Mais uma noite extraordinária na política britânica. Para a primeira-ministra, Theresa May, as piores previsões confirmaram-se. Perdeu a maioria absoluta. É provável que consiga fazer uma coligação parlamentar com o partido unionista da Irlanda do Norte, o DUP. Mas será muito difícil para May resistir na liderança dos conservadores. Pediu um mandato reforçado e os britânicos não lho deram. Perdeu autoridade no país e no seu partido. Os conservadores são normalmente implacáveis com os líderes que falham. Calculo que a questão da liderança já estará a ser discutida no interior do partido. May formará a coligação com o DUP, defenderá o programa no parlamento e depois poderá não sobreviver.

O líder do partido trabalhista, Jeremy Corbyn, foi o vencedor da noite. Até há duas semanas, todos previam o pior resultado na história dos trabalhistas e possivelmente a divisão do partido. Corbyn salvou o partido e a sua liderança. Depende apenas dele continuar na liderança do partido até à próxima eleição. O resultado dos trabalhistas também mostrou que um programa radical de esquerda tem apoio popular no Reino Unido e já não se pode excluir que possa mesmo ganhar eleições. A terceira via de Blair foi definitivamente enterrada (vive agora na França de Macron).
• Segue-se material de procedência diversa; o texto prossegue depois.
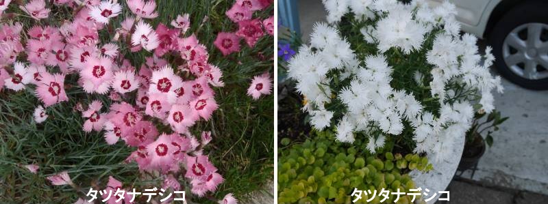 タツタナデシコは、ライオンロックと呼ばれるナデシコの仲間です。プルマリウスという原種はほとんど流通することはありませんが、高山植物っぽい雰囲気の品種も作られています。ヨーロッパの寒い地域が原産地なので、耐寒性は高いのですが夏に暑がって枯れることがあります。小渕沢でも近年の夏の暑さは堪えるようで、ペレニアルガーデンでは石組みや石垣に植え付けて育てています。蒸れと停滞水に気を付ければそれ程難しいお花ではありません。山野草を趣味とする人の間で昔から行われていた栽培法は、花が終わる梅雨明けの頃に株分けを兼ねた植え替えを行って、その際に細根をごっそりと切り取って、ほとんど挿し芽のようにして育てる、というものがあります。タカネナデシコなどヨーロッパアルプス産のダイアンサスなど、高山性のナデシコに使うテクニックです。ここまでせずとも夏越し出来ると思いますが、暑い地域にお住まいの方は参考にして頂ければと思います。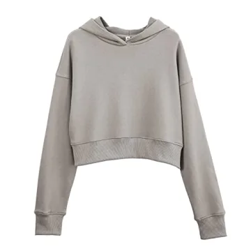 Stylish Amazhiyu Women's Cotton French Terry Cropped Hoodie - Gray, Medium

O partido nacionalista da Escócia foi o outro derrotado da noite das eleições. Perdeu deputados e deixou de ser a força hegemónica da política escocesa. Os conservadores e até os liberais conseguiram resultados muito positivos a norte da fronteira inglesa. Um segundo referendo para a independência da Escócia parece agora bem mais longínquo. O outro grande derrotado da noite foi o UKIP. Não elegeu nenhum deputado e perdeu grande parte do seu eleitorado. Curiosamente, muito do seu eleitorado, especialmente no norte de Inglaterra, regressou aos trabalhistas.
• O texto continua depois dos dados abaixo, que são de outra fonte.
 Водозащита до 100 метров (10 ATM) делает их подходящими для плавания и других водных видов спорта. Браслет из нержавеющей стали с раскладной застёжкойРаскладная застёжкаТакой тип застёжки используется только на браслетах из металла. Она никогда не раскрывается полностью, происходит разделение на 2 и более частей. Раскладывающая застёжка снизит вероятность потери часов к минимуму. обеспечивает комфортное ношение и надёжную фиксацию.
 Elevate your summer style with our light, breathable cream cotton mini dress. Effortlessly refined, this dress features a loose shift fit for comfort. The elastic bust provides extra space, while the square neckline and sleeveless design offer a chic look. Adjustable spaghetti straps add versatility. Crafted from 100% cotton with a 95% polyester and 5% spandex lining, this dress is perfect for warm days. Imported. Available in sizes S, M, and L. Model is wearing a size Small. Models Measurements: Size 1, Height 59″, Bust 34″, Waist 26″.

Neste momento, não é possível entender completamente as implicações das eleições para as negociações Brexit. Podemos, no entanto, retirar algumas conclusões. O Reino Unido sai das eleições muito enfraquecido para negociar com a União Europeia. O início das negociações, previsto para daqui a 10 dias, poderá ser mesmo adiado. A UE está mais unida hoje do que estava ontem. Nenhum governo europeu quererá aliar-se a Londres contra Berlim e Paris. Também sabemos que o possível parceiro dos conservadores, o DUP, é a favor da manutenção do Reino Unido no mercado único e na união aduaneira. Terá poder para alterar a posição do governo conservador?

Por fim, as negociações para o Brexit poderão tornar-se, ironicamente, a salvação para May. Poderá ser obrigada a ficar no n.10 de Downing Street porque ninguém deseja o seu lugar até ao fim das negociações com a UE. Neste caso, talvez se torne muito difícil evitar o “hard Brexit”. Uma May fraca e refém do partido não conseguirá impor uma relação próxima com a UE aos sectores radicais e anti-europeus dos conservadores. Como disse um deputado conservador, a favour da manutenção na EU, durante a campanha do referendo (e mantenho no original): “Brexit is like some horrible curse. It kills everything it touches.” A maldição ainda está longe de ter chegado ao fim.